About this task:
Output the data verbatim, minus the images.

[Data excerpts]
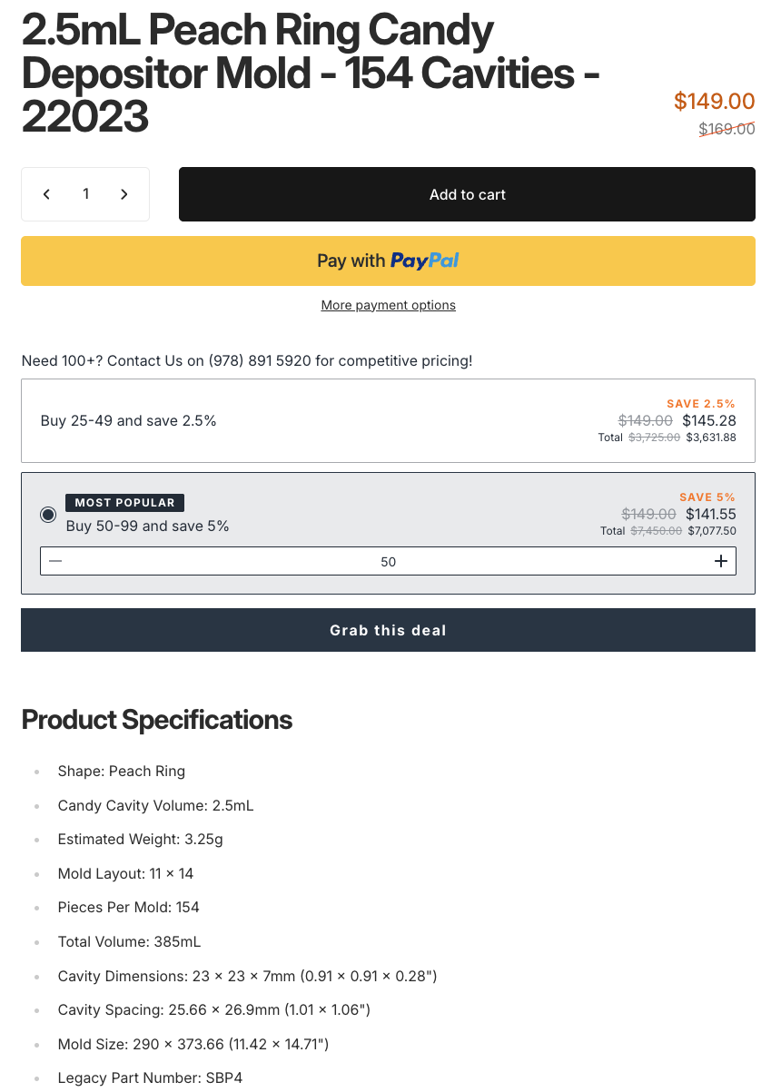 - 15x pcs Bold Maker 2.5ml Ring (154 cavities/mold) [$85/ea]
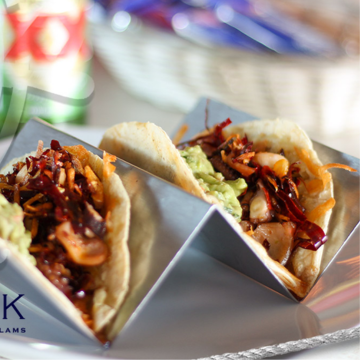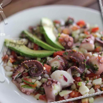 Pulpo salteado con ajo, guajillo, mantequilla y aceite de olivo, sobre una cama de aguacate en tortilla de harina de mantequilla, Estilo Baja.
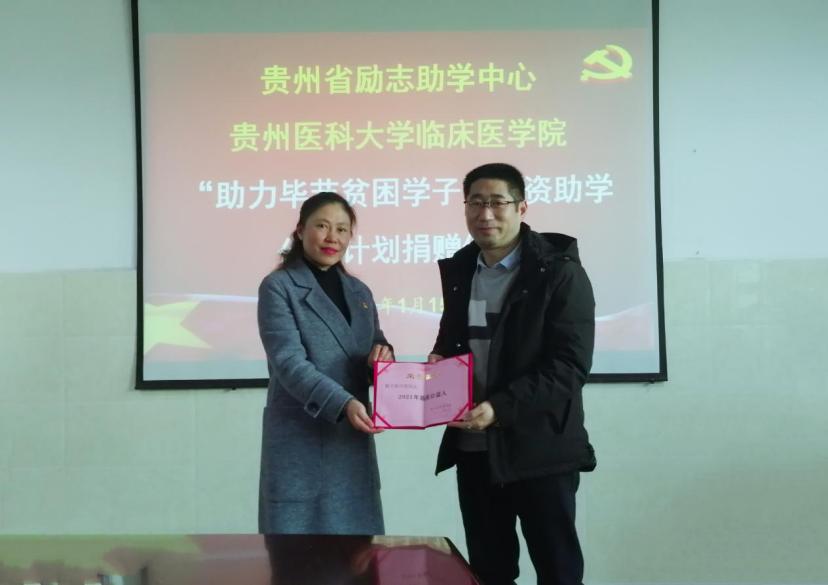 1月15日,贵州省励志助学中心(民盟省委直属关爱教育支部)向太阳成临床医学院贫困学生进行捐助。民盟贵州省委社会服务处副处长龙咏娟,贵州省励志助学中心秘书长、民盟省委直属关爱教育支部主委周巧明,副秘书长旷光霞,秘书长助理杨治毅,以及太阳成党委统战部副部长任婷、资助管理中心副主任贲琛、临床医学院党政班子,全院辅导员和30名毕节籍受资助学生参加。仪式由临床医学院党委副书记王筑山主持。
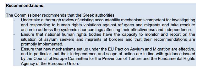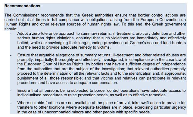 Ο Επίτροπος καλεί τις ελληνικές αρχές να διασφαλίσουν ότι οι ενέργειες ελέγχου των συνόρων πραγματοποιούνται πάντοτε με πλήρη συμμόρφωση με τις υποχρεώσεις που απορρέουν από τη Ευρωπαϊκή Σύμβαση Ανθρωπίνων Δικαιωμάτων και άλλες σχετικές πηγές δικαίου για τα ανθρώπινα δικαιώματα. Για το σκοπό αυτό, η ελληνική κυβέρνηση θα πρέπει να:
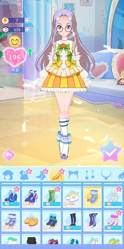 5、我们还为大家准备了上百种不同风格的服装,大家可以自由搭配出独特造型,此外还有更多精美贴纸和创意装饰品可供使用。
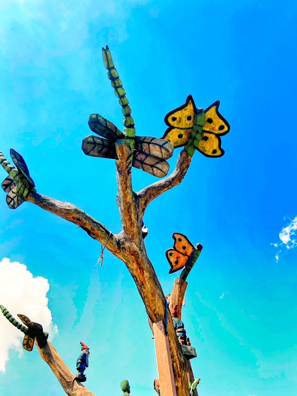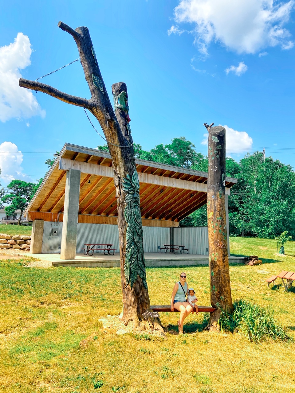 Within the arboretum, just by its entrance is the Fantasy Forest, created in 2015/6. Prior to its creation, a grove of over 100 year old ash trees sat here. By 2013, all of the trees died due to the invasive Emerald Ash Borer. Then the arboretum society called on artists and wood carvers from around the Midwest to submit ideas to redesign the tree trunks and remaining branches. The artists and woodcarvers left behind a beautiful fantasy land of wizards, castles, and other mythical creatures for the public to enjoy!

Written response:
 - 15x pcs Bold Maker 2.5ml Ring (154 cavities/mold) [$85/ea]
 Pulpo salteado con ajo, guajillo, mantequilla y aceite de olivo, sobre una cama de aguacate en tortilla de harina de mantequilla, Estilo Baja.
 1月15日,贵州省励志助学中心(民盟省委直属关爱教育支部)向太阳成临床医学院贫困学生进行捐助。民盟贵州省委社会服务处副处长龙咏娟,贵州省励志助学中心秘书长、民盟省委直属关爱教育支部主委周巧明,副秘书长旷光霞,秘书长助理杨治毅,以及太阳成党委统战部副部长任婷、资助管理中心副主任贲琛、临床医学院党政班子,全院辅导员和30名毕节籍受资助学生参加。仪式由临床医学院党委副书记王筑山主持。
 Ο Επίτροπος καλεί τις ελληνικές αρχές να διασφαλίσουν ότι οι ενέργειες ελέγχου των συνόρων πραγματοποιούνται πάντοτε με πλήρη συμμόρφωση με τις υποχρεώσεις που απορρέουν από τη Ευρωπαϊκή Σύμβαση Ανθρωπίνων Δικαιωμάτων και άλλες σχετικές πηγές δικαίου για τα ανθρώπινα δικαιώματα. Για το σκοπό αυτό, η ελληνική κυβέρνηση θα πρέπει να:
 5、我们还为大家准备了上百种不同风格的服装,大家可以自由搭配出独特造型,此外还有更多精美贴纸和创意装饰品可供使用。
 Within the arboretum, just by its entrance is the Fantasy Forest, created in 2015/6. Prior to its creation, a grove of over 100 year old ash trees sat here. By 2013, all of the trees died due to the invasive Emerald Ash Borer. Then the arboretum society called on artists and wood carvers from around the Midwest to submit ideas to redesign the tree trunks and remaining branches. The artists and woodcarvers left behind a beautiful fantasy land of wizards, castles, and other mythical creatures for the public to enjoy!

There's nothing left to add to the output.